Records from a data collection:

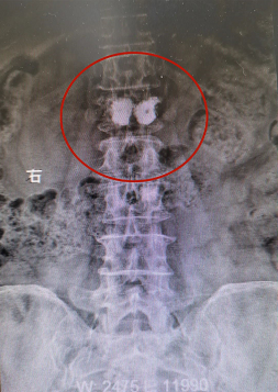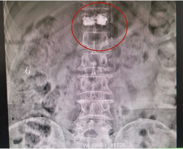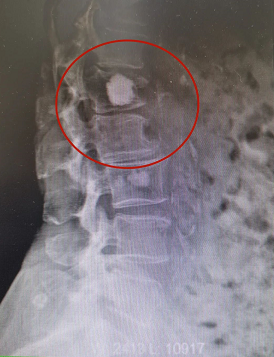 患者孙某某,女,83岁,早上晨练后摔伤出现腰背部疼痛,起立行走困难,在家卧床休息7小时后疼痛未缓解,来院门诊行腰椎X光片检查后提示:腰L1椎体压缩性骨折,告知患者及其家属诊疗方案后,患者及其家属要求手术治疗。入院第二天予患者行腰L1骨水泥椎体成形术,术后当天患者自觉胸腰背部疼痛明显缓解,术后第二天患者下床自行活动良好。
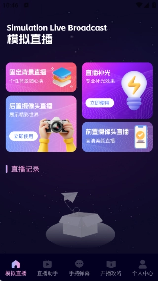 1、模拟直播页面具备固定背景直播、直播补光、后置摄像头直播以及前置摄像头直播等功能。
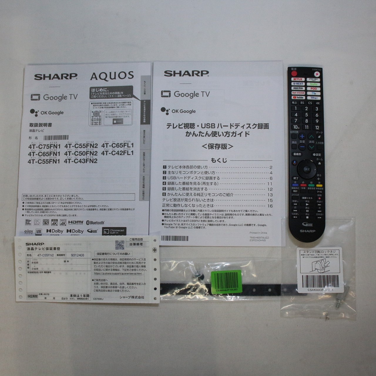 中古商品ランクについて 付属品・商品状態について 〔付属品〕説明書、リモコン、スタンドベース、スタンド取付金具、スタンドカバー、スタンド組立用ネジ×4、スタンド取付用ネジ×4、スタンドカバー取付用ネジ×1、転倒防止ベルト、転倒防止ベルトテレビ取付用ネジ×1、転倒防止ベルトテレビ台固定用ねじ×1、スタンド回転ロックネジ、かんたん使い方ガイド
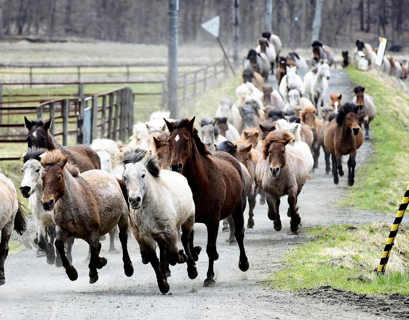 Rare native horses known as dosanko raced along a road stretching across the Shizunai Livestock Farm of the Hokkaido University in Shinhidaka, Hokkaido, on Friday.
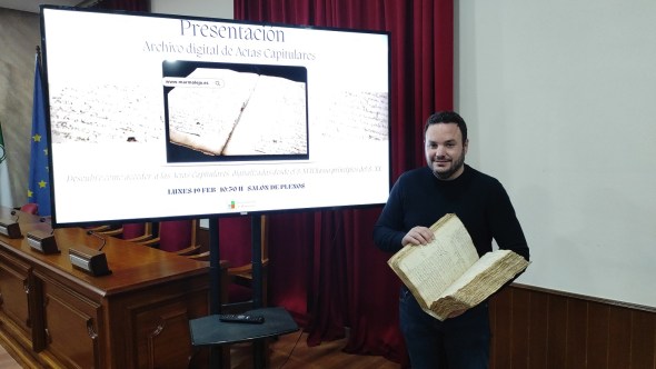 Esta mañana se ha presentado en rueda de prensa el nuevo archivo digital de las actas capitulares del Ayuntamiento de Marmolejo. El encargado de presentarlo y detallarlo ha sido el concejal de Cultura y Patrimonio, Rafael Valdivia, quien ha destacado el gran hito histórico que supone la apertura de “un nuevo espacio digital en nuestra página web donde se pueden ya consultar estas actas capitulares desde mediados del siglo XVII hasta mediados del siglo XX”. Un trabajo de ordenación, catalogación y digitalización del archivo municipal y que se realizaba durante el año 2023 gracias a la colaboración de un becario de la localidad, Ángel Expósito, y la empresa de gestión de archivos “Alacaja”.
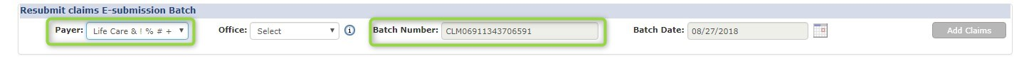 On the Resubmit Claims E-submission Batch screen, select the Payer from the Payer field to generate a new Batch Number.
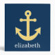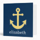 Nautical Anchor with Navy Yellow Chevron Pattern Binder

◆ **HOW TO COMPLETE THIS TASK**: Output exactly the lines above that lie between the line with "1、模拟直播页面具备固定背景" and the line with "On the Resubmit", those two lines included, and no pictures.

◆ **RESULT OF THE EXERCISE**:
 1、模拟直播页面具备固定背景直播、直播补光、后置摄像头直播以及前置摄像头直播等功能。
 中古商品ランクについて 付属品・商品状態について 〔付属品〕説明書、リモコン、スタンドベース、スタンド取付金具、スタンドカバー、スタンド組立用ネジ×4、スタンド取付用ネジ×4、スタンドカバー取付用ネジ×1、転倒防止ベルト、転倒防止ベルトテレビ取付用ネジ×1、転倒防止ベルトテレビ台固定用ねじ×1、スタンド回転ロックネジ、かんたん使い方ガイド
 Rare native horses known as dosanko raced along a road stretching across the Shizunai Livestock Farm of the Hokkaido University in Shinhidaka, Hokkaido, on Friday.
 Esta mañana se ha presentado en rueda de prensa el nuevo archivo digital de las actas capitulares del Ayuntamiento de Marmolejo. El encargado de presentarlo y detallarlo ha sido el concejal de Cultura y Patrimonio, Rafael Valdivia, quien ha destacado el gran hito histórico que supone la apertura de “un nuevo espacio digital en nuestra página web donde se pueden ya consultar estas actas capitulares desde mediados del siglo XVII hasta mediados del siglo XX”. Un trabajo de ordenación, catalogación y digitalización del archivo municipal y que se realizaba durante el año 2023 gracias a la colaboración de un becario de la localidad, Ángel Expósito, y la empresa de gestión de archivos “Alacaja”.
 On the Resubmit Claims E-submission Batch screen, select the Payer from the Payer field to generate a new Batch Number.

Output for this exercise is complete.